Originally posted by SBTlauien
So its called parsing?
Strictly speaking parsing is the process of transforming a token sequence into a tree structure. Often we include the lex phase (turning a byte or symbol stream into a token stream) in the parse phase. Parsing is one thing the browser has to do in order to handle an HTML form, but there's more as well (it has to render, handle input, etc.) and there's no real name for this whole process other than like "browser behavior" which covers everything a browser does.
I'm just looking for a library that can do this for me. Basically take HTML and determine the exact HTTP request.

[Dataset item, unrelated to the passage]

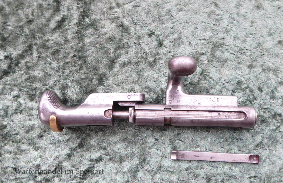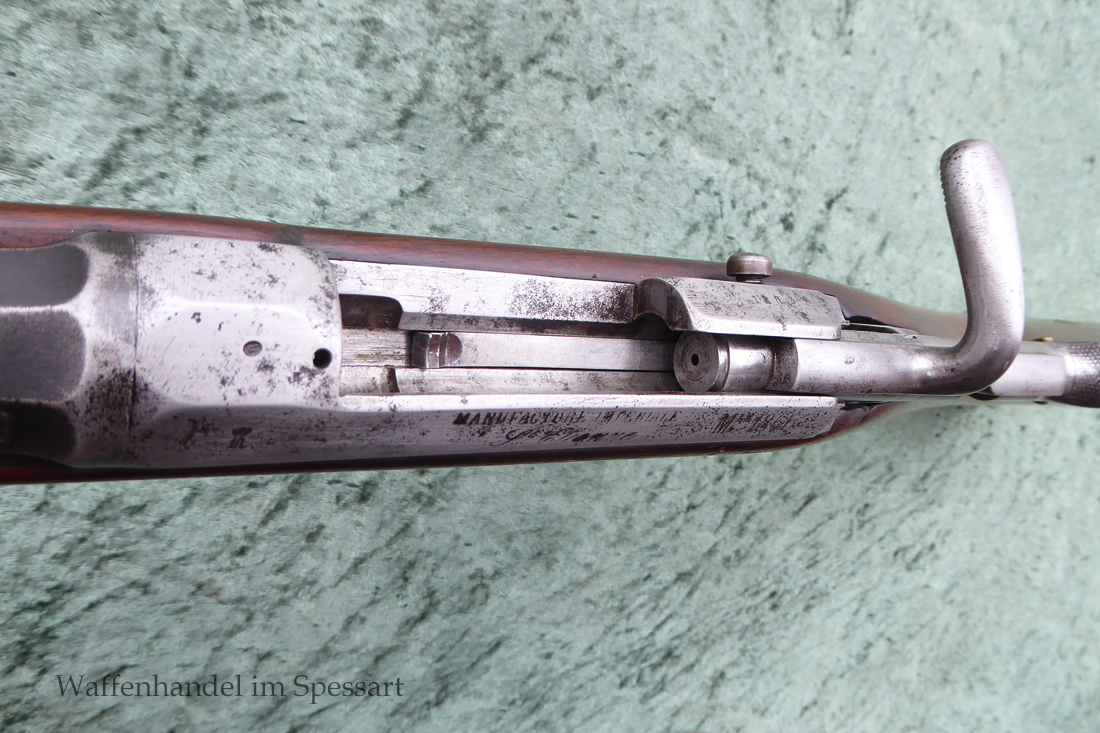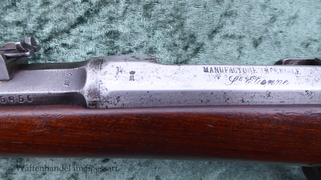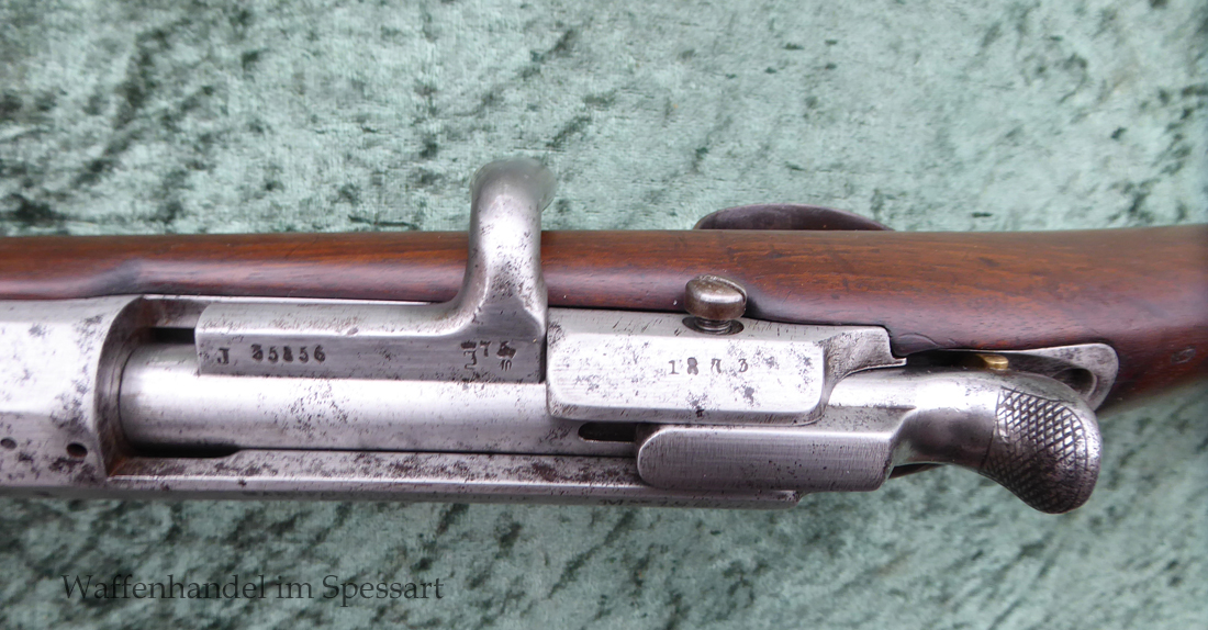 Ursprünglicher Hersteller Manufacture d’armes de Saint-Étienne (MAS). Kaliber 11,15x60RM71. Ser.Nr. J 35856. Nummerngleich. Scharfkantiges fast blankes Laufinnere. Am Lauf Reste der Bürnierung. Das System ist gering fleckig. Die preußischen Schaftabnahmen sind noch sichtbar. Baujahr der Änderung auf der Systemhülse 1873 gestempelt.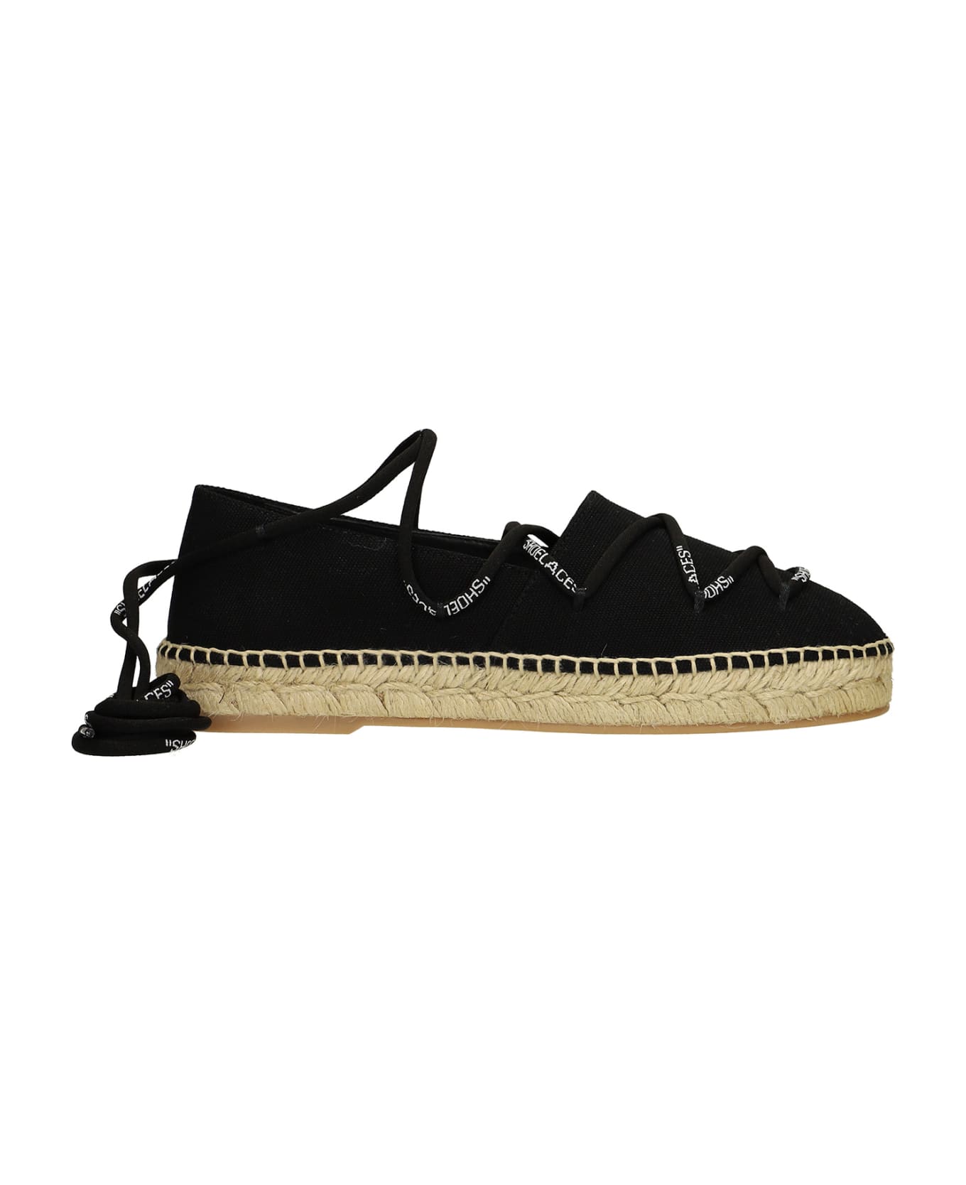 Espadrilles in black cotton, lace up, slip on, fringed tassel, juta platform, 100% canvas, Made in Spain

This, unfortunately, isn't as straight forward as it seems like it should be. Browsers are really complicated pieces of software, the more closely you want to imitate their behavior the slower and more complicated your solution has to be. If you're dealing with simple HTML form submission (like you see here, for example) then you can use something like mechanize or twill which implement a pseudo-browser with no render or scripting support. Essentially they wrap an HTTP library and an HTML parsing library and offer a little magic like cookie management and form interaction on top.

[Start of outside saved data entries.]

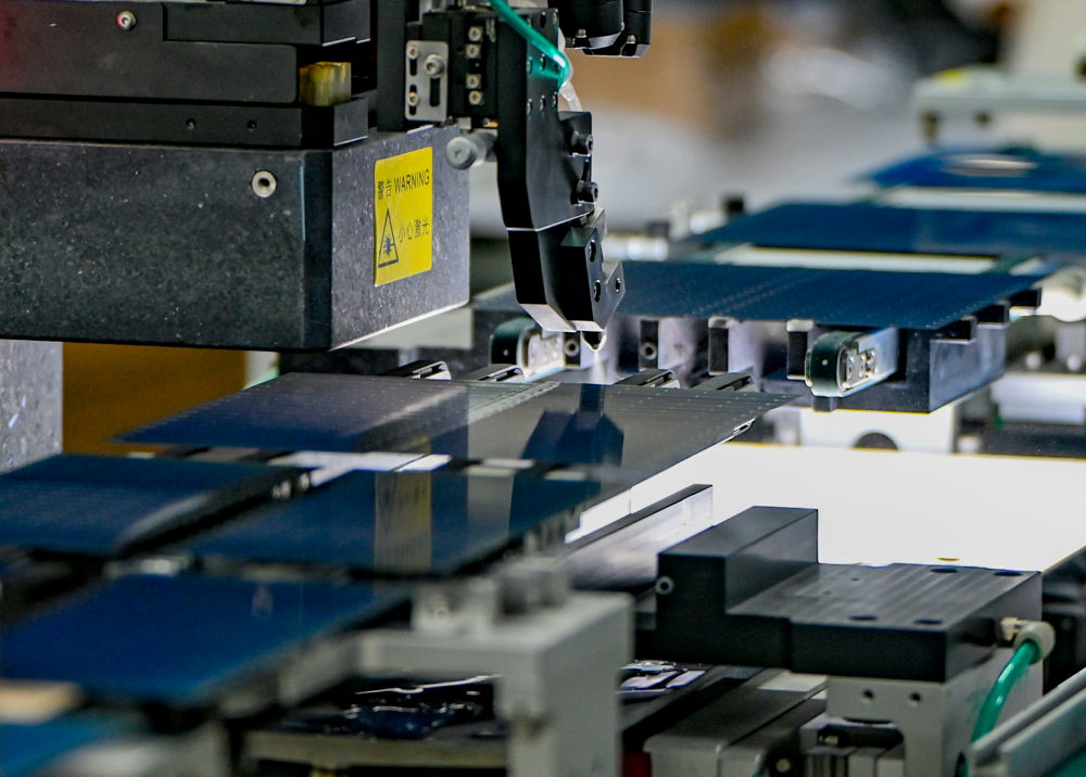 在新疆巴音郭楞蒙古自治州若羌縣一家新能源有限公司,全自動劃片機在切割光伏電池片(2025年9月22日攝)。“十四五”期間,電動汽車、光伏產(chǎn)品、鋰電池等“新三樣”產(chǎn)品2025年出口規(guī)模接近1.3萬億元,比2020年增長3.5倍。
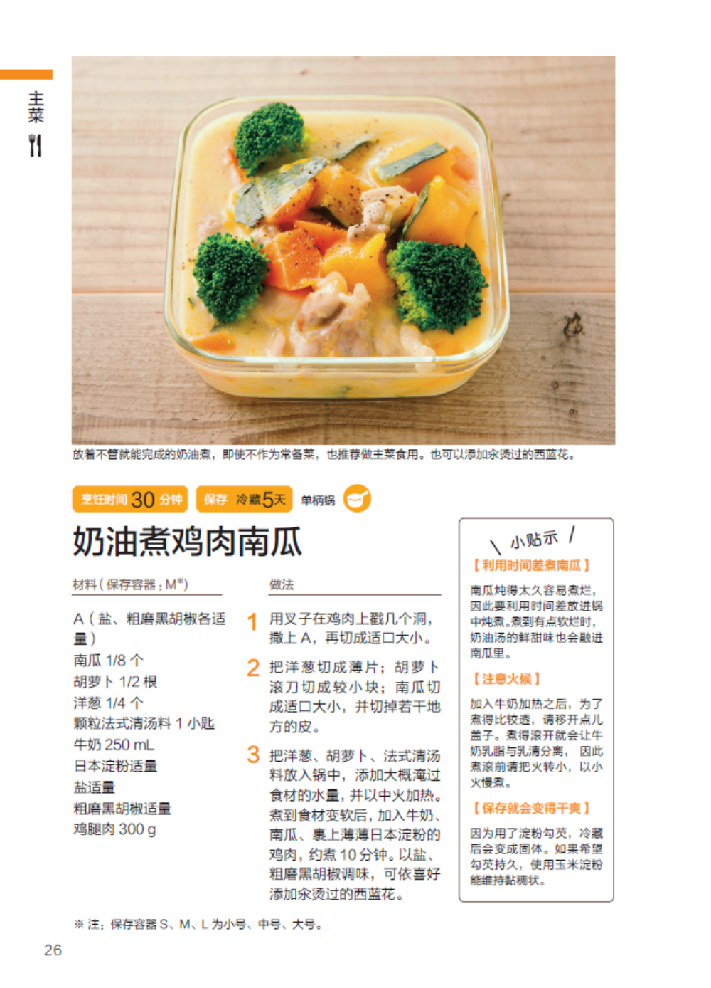 奶油煮鸡肉南瓜… ………………………… 26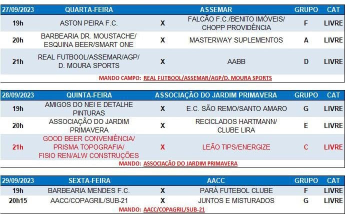 Confira a programação de jogos desta semana: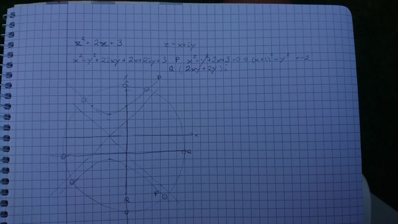 Jag provade med en andragradsekvation. Man ska välja cirkelns radie tillräckligt stor (som det står längre ner i texten) och då hamnar nollställena för mitt P på en hyperbel, och för Q på två linjer som skär varandra. Om man gör cirkeln tillräckligt stor så kan man betrakta bara termerna av grad m, och då kanske man kan fundera ut att vartannat nollställe hör till P och vartannat till Q, men jag ser det inte. Det borde vara så att eftersom Gauß använder det så bevisar han det först, men jag läste inte fortsättningen tillräckligt noga.

Many sites these days will use some kind of scripting to handle form submissions. Whether or not this is a good idea is a somewhat controversial topic among web developers but it's common enough. An example might be old vB where when you submitted the login form some javascript would MD5 hash your password and send that instead of your plaintext password. That's a stupid idea for a number of reasons but it meant that if you were writing scripts to interact with vB you had to either use something like phantom to get JS execution working or do the MD5 hashing by hand.
Phantom is pretty high fidelity, it's what's called a "headless browser", it's basically like starting up chrome only nothing gets rendered to the screen, you can save cycles on the geometry engine and you don't need a GPU to make it go reasonably fast. It's slower and bigger and frankly a pain in the ass dependency to manage though.

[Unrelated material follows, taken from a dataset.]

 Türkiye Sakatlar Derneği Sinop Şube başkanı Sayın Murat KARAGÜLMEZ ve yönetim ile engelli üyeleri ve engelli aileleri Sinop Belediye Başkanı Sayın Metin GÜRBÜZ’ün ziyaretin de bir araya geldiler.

The most realistic simulation of a browser you'll get it selenium which simulates user interaction with a browser. It's the heaviest of all, requiring a library, a driver, and an actual browser. But it's nearly indistinguishable from what happens when you're sitting in front of a browser clicking shit.
So the moral of the story is you need to figure out the requirements of submitting your web form. Is there CSRF protection? Is JS involved? Is there UA detection? You'll have to decide on tooling based on how complicated the form you're trying to automate the submission of is.